艾北一臉奇怪的看著手中的項鏈,“那好吧,我先回去休息了。”
告別了羅格,走出酒館,街道上已經沒有人了,晚風呼嘯著。
艾北緊了緊風衣,內心充滿了疑惑,那個神秘的寄信人到底是誰?為什麽對自己的動向這麽了解。難道是被人跟蹤了?
艾北警惕的觀察了一下周圍,回應他的卻只有黑暗中窸窸窣窣的聲音,那大概是老鼠吧,艾北不禁搖搖頭,難道是我太多疑了?

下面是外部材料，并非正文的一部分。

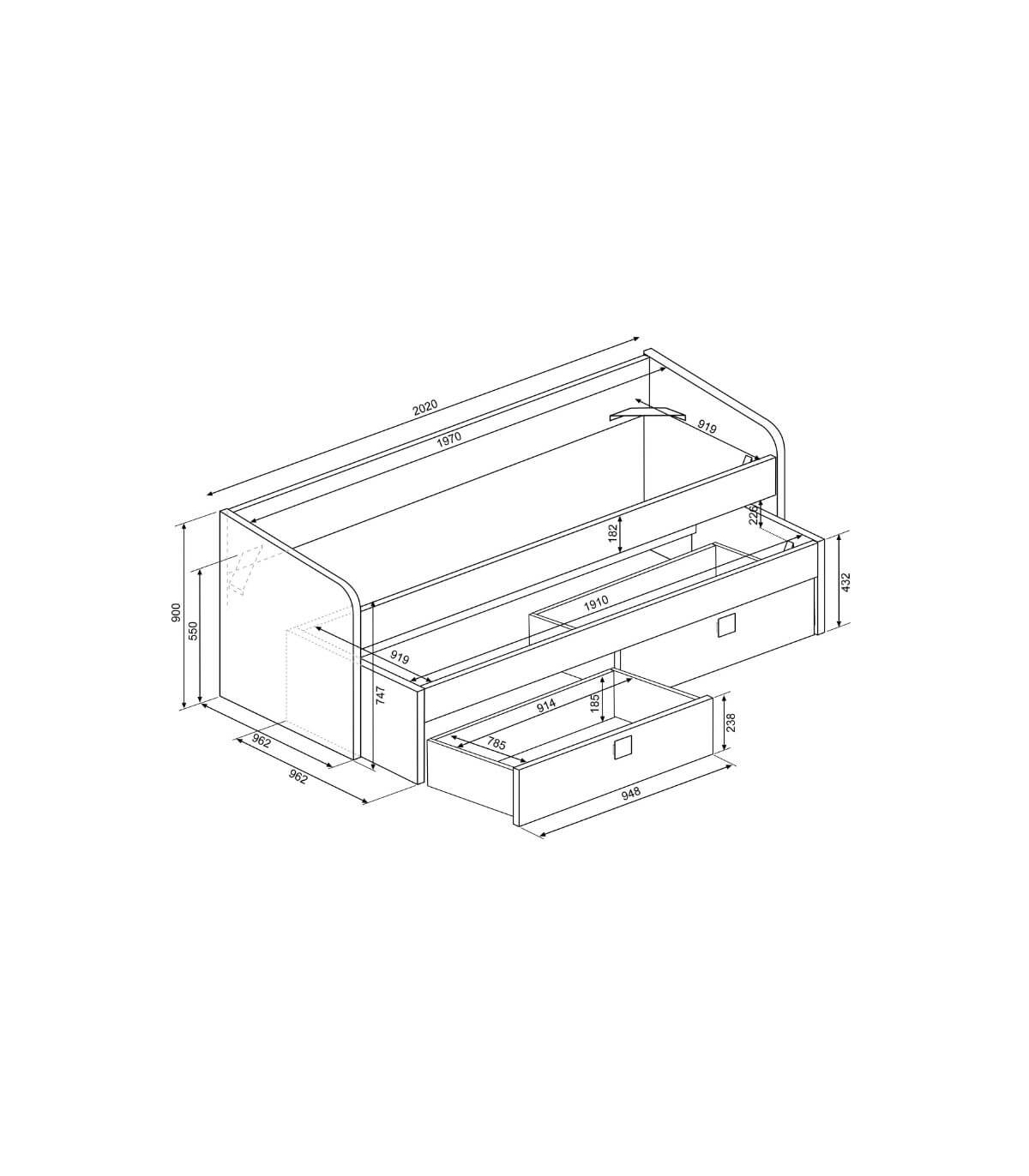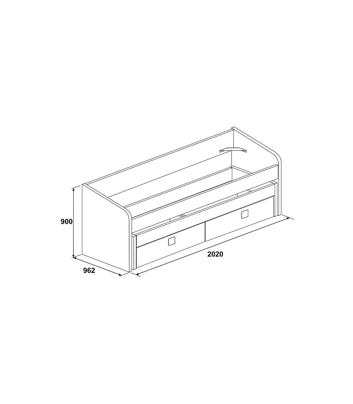Medidas Cama Nido cerrada: Ancho: 202 cm. x Fondo: 96 cm. x Alto: 90 cm.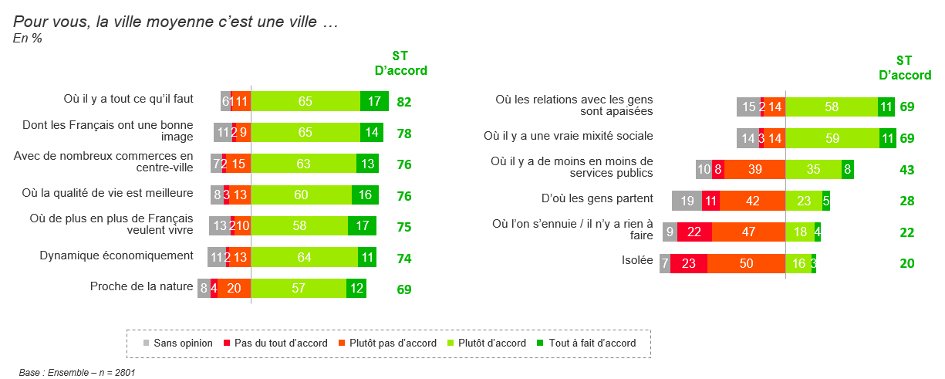 Les villes moyennes sont donc identifiées par les Français comme des lieux dynamiques, attractifs, offrant un bon équilibre entre fonctions de centralité, mixité sociale et cadre de vie agréable et proche de la nature (Fig.3). Alors qu’à la suite de la crise sanitaire, un Français sur cinq déclare vouloir changer de lieu d’habitation, chiffre qui s’élève à un sur trois en région parisienne, les villes moyennes peuvent-elles se présenter comme une alternative plausible ?

回到旅店,莉莉娜已經睡著了。艾北躺在另一張床上,手機把玩著那條圓形的項鏈。
借著月光,艾北看向項鏈上印著的圖案,正面印著國際象棋中主教的圖案,而背面卻是十分怪異扭曲的觸手似的圖案,不自覺中艾北看的入了迷,項鏈上扭曲的觸手好像動了一下。艾北回過神來,頓時驚出一身冷汗,他揉了揉眼睛,再看向項鏈,發現圖案並沒有動,他呼出一口濁氣,大概是今天酒喝多了,眼花了吧。艾北坐起身將項鏈放進背包,當他躺回床上,腦海裡不停浮現,觸手怪異扭動的畫面。
沒過多久,艾北再也抵擋不住身體釋放的困意,也沉沉睡了過去。